Conservative political activist Star Parker says that “same-sex marriage is really pride’s assault on religion.” Why?
The Book of Proverbs, in biblical canon, once a vital part of American culture, tells us: “Pride goes before destruction, a haughty spirit before a fall.” It’s this haughty spirit, this pride that precedes destruction, that lies behind the Supreme Court’s decision . . . to bury the Defense of Marriage Act.
This decision . . . is but the latest in a long process of the unraveling of American culture driven by pride—the sense that we answer to no higher authority.
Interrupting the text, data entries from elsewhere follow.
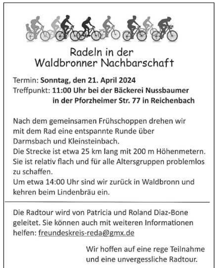
Plakat: B. Arnold

Freundeskreis Reda-Waldbronn lädt alle Mitglieder und alle Interessierten zu einer Radtour ein: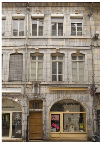
Vue d'ensemble de la façade antérieure du logis principal, de face.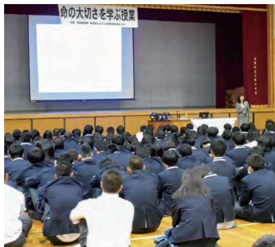
↑命の大切さを改めて確認する生徒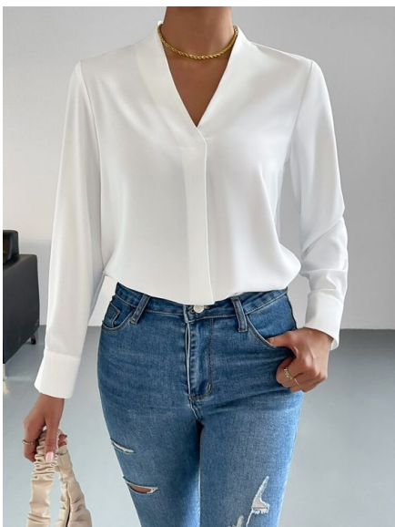
Camisa Gola V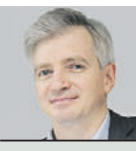
АЛЕКСАНДР ИЛЮХИН МИНИСТР ПРАВИТЕЛЬСТВА МОСКВЫ, ГЛАВА СТОЛИЧНОГО ДЕПАРТАМЕНТА КУЛЬТУРЫ

Почему это важно? Потому что такой проект позволяет увидеть тенденции, которые наметились в современном искусстве. Ведь Москва — крупнейший мировой мегаполис не только с точки зрения экономики, транспорта или промышленности, мы занимаем лидирующие позиции и в сфере культуры. У нас огромная творческая повестка: каждый день в городе в среднем открывается четыре выставки, проходит 800 тысяч различных творческих мероприятий в год. И во всем этом многообразии необходимо уловить векторы дальнейшего развития того или иного вида искусства. Московская международная биеннале — один из проектов, позволяющих заглянуть за горизонт. Увидеть не только то, что у нас есть сейчас, но и познакомиться с творчеством молодых ребят, которые, как знает, через несколько лет, возможно, станут одними из выдающихся художников мирового уровня.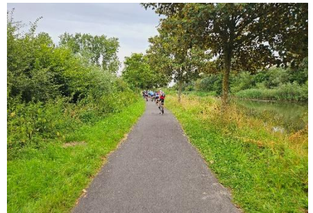
15 Où encore ce chemin de halage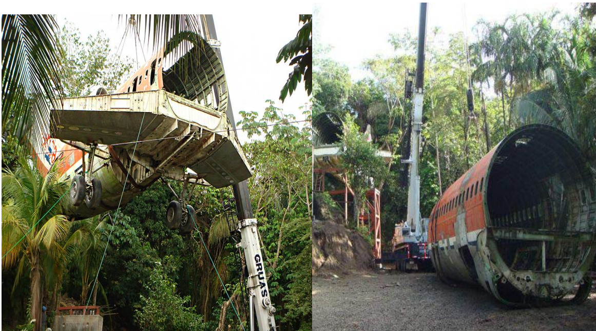
Figura 1: Prototipo

Nuestro Hangar Turístico resaltara en su diseño de construcción puesto que sus hoteles tendrán la forma de avión, el cual se construirá con materiales reciclados de los aviones antiguos, esto en su exterior y en sus interiores contara con una infraestructura de madera para graduar la temperatura de su interior.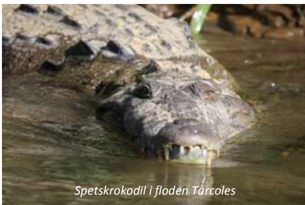
Spetskrokodil i floden Tarcoles

Vi reser idag tillbaka till huvudstaden, men stannar vid floden Tarcoles på vägen för en trevlig båttur. Tarcoles är framför allt känt för sitt goda bestånd av spetskrokodiler och vi kommer att komma mycket nära dessa enorma djur - denna art kan bli hela sex meter lång. Floden är också en utmärkt plats för fågelskådning och under utflykten är det inte ovanligt att se mer än 50 arter som till exempel mangrovekolibri, mangrovevireo och amerikansk pygmékungsfiskare. Vi kommer fram till hotellet i San José sent på eftermiddagen och färdledaren kommer att ta initiativ till en trevlig avskedsmiddag på kvällen.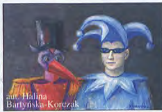
aut. Halina Bartyńska-Korczak

Galeria Sztuki Współczesnej Krystyny Kowalskiej, ul. Jatki 12-15 wernisaż 23.06., godz. 14.00 wystawa czynna od 23.06 do 20.07.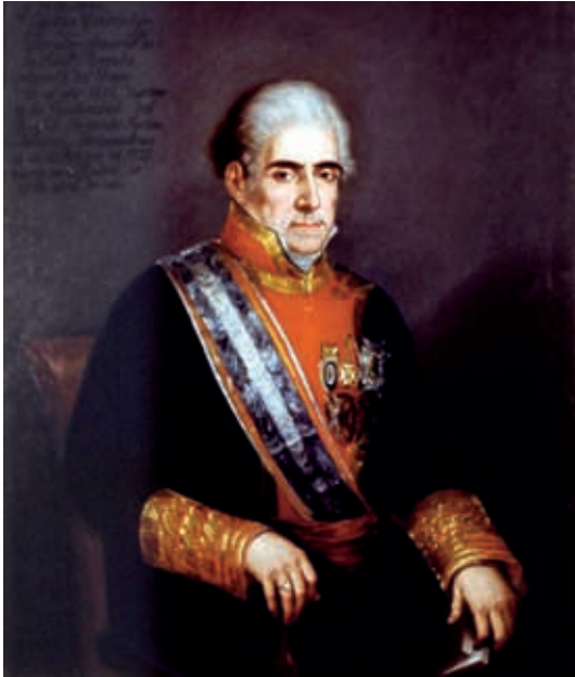
Retrato del capitán general Villavicencio, defensor de Cádiz en 1810-1812.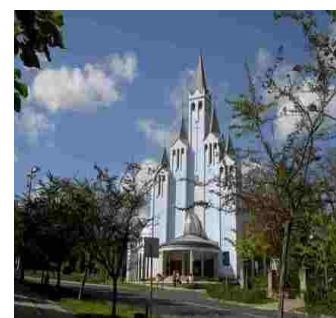
Héviz katolske kirke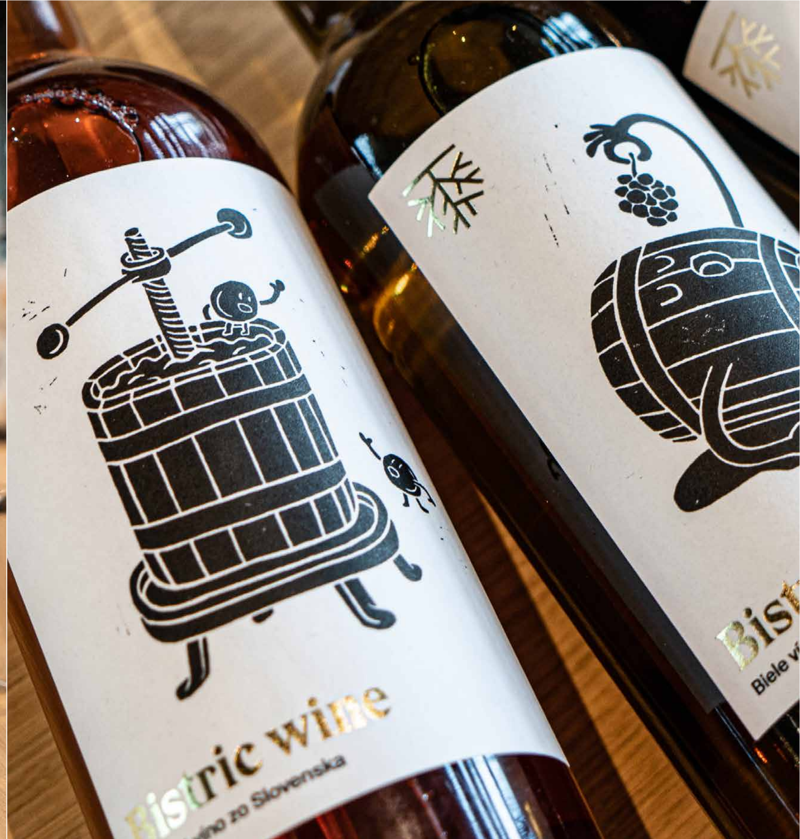
Etikety pre vino di casa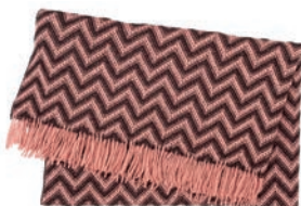
6093 POWDER / AUBERGINE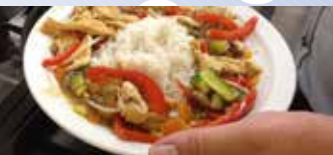
Gezondheidsweek goed bezocht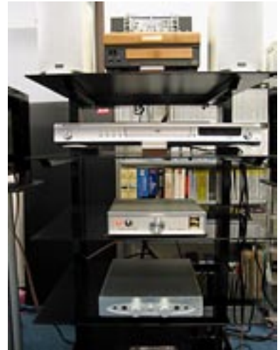
同店が推奨する「10万円コンボ」の構成要員。オーディオプロのスピーカー“ALLROOM SAT”とサウンド・ウォーリアのCD付真空管プリメインアンプ“SW-C20B”（上写真最上段）を筆頭に、パイオニアのユニバーサルプレーヤー“DV-585A”（同2段目）、シャッツグレイバーのプリメインアンプ“DRA-MS1”（同3段目）、CECのヘッドフォンアンプ“HD53R”。そしてアナログプレーヤーとしてはBSRの“375改”（¥25,000）が待機している（左写真）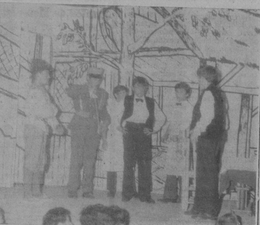
Se celebró ayer, como anunciamos, un festival artístico a cargo de los alumnos de la Agrupación Mixta Escolar de Abades, con representación de varias obras teatrales, exhibición de danzas e interpretación de obras del cancionero popular. En la fotografía, un momento de una de las representaciones escénicas.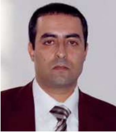
بقلم مدير مجلة الفقه والقانون الدكتور: صلاح الدين دكداك

بسم الله الرحمن الرحيم والصلاة والسلام على أشرف المرسلين وبعد ، يسعد مجلة الفقه والقانون أن نضع بين أيديكم العدد الرابع والخمسين لشهر أبريل 2017 ، وقد زخر العدد الجديد بمجموعة من المواضيع الهامة من بينها ما يلي :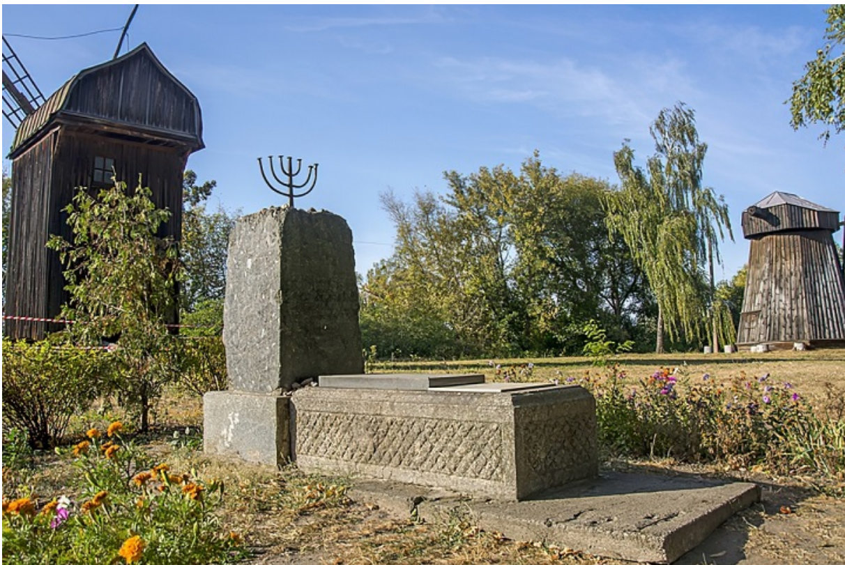
Пам'ятний знак на території колишнього єврейського кладовища

Поховали їх на єврейському цвинтарі, знищеному 1956-го за наказом виконкому. Тоді ж бульдозером знесли всі мацеви, а на місці цвинтаря звели Музей народної архітектури та побуту Середньої Наддніпрянщини. Але досі могильними плитами вистелені укоси пагорба, на якому знаходиться музей. Залишився лише пам'ятний знак цьому цвинтарю, встановлений свого часу Єврейським фондом України.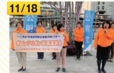
オレンジリボン街頭(姫路市)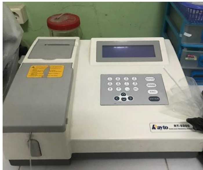
Fotometer Rayto RT-9200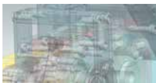
鉄道車両関連の加工装置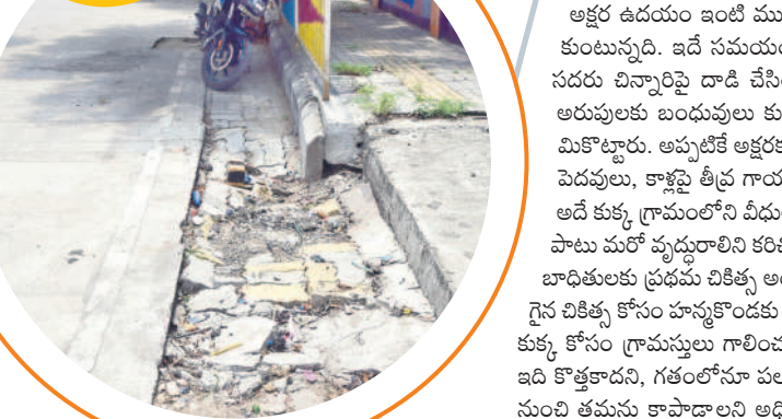
మహిళా డిగ్రీ కళాశాల సమీపంలోని ఫుట్ పాత్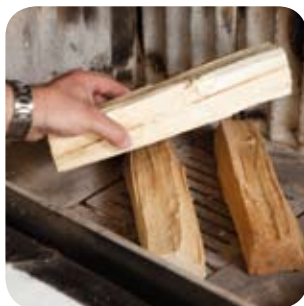
Das Holz locker in den Brennraum schichten.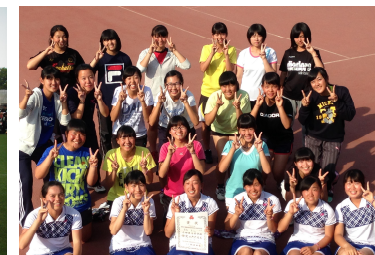
女子テニス部 団体 県総体第3位 ダブルス 県総体準優勝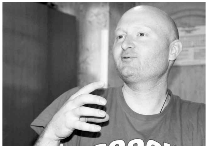
Учусь жить в студенческом общежитии

- Во-первых, я не богат. Высокие налоги мне не грозили. Во-вторых, я лично не знаком с Депардьё. Один раз, правда, пролетел на шаре над его поместьем и виноградниками. Но это не даёт мне право осуждать известного актёра и обвинять в отсутствии патриотизма. Просто один из богатейших людей страны не пожелал отдавать большую часть своих доходов. А Путин оказался весёлым человеком. Шутник он у вас. Или у нас. Сначала пошутил, что такие люди, как Жерар, в России нужны.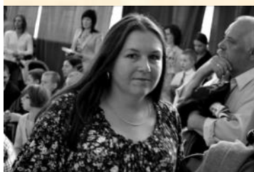
Gabinet Pani Wicedyrektor znajduje się teraz na 2. piętrze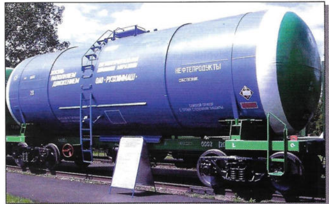
Рис. 4. Вагон-цистерна модели 15-1219 для перевозки легкой нефти

На четвертом этапе разработаны предложения по модельному ряду новых вагонов-цистерн. Для улучшения технико-экономических показателей и полного использования допускаемой нагрузки на ось было рекомендовано внедрить групповую специализацию вагонов-цистерн:

Parker’s attack on pride suggests something about the life-serving importance of pride. For one thing, pride is the antithesis of blindly accepting the moral dictates of some "higher authority." If one does submit one's moral judgment to authority, one does not have pride. If one does submit, one places the quality of one's life and potential for happiness in jeopardy by placing one's moral guidance in the hands of some authority other than one's own reason. To think for oneself is to have pride—and vice-versa.
So, what precisely is pride? Two great philosophers weighed in on the issue.
Aristotle identified pride as “the crown of the virtues,” reflective of the personal commitment to “greatness in every virtue”: The proud man “thinks himself worthy of great things,” never “thinking himself worthy of less than he is really worthy.” Pride, observed Ayn Rand, is “moral ambitiousness”—“the recognition of the fact that you are your own highest value”; a recognition that must and can be earned by a personal commitment to the achievement of moral perfection in character and deed, while never self-sacrificially subordinating one’s judgment to the authority of others.
But “Pride,” counters the Christian theologian Augustine, “is self-glorifying attempts to rely on oneself to any degree . . . The flawed will [that] turns [one] away from God.”
Religionists like Parker seek to legally force their marital terms on everyone else. On whose authority? By the dictates of “biblical canon”; the writings of people who claim to speak for God, a “higher authority” that they claim exists.
Is it any wonder why religionists consider pride to be man’s “primal vice” and his “Original Sin,” as Augustine put it? What proud person would submit to religionists’ unchallengeable commandments?
Pride stands in the way of religious authoritarianism, because standing up for one’s rights and intellectual autonomy against religious authoritarians like Parker is an act of pride.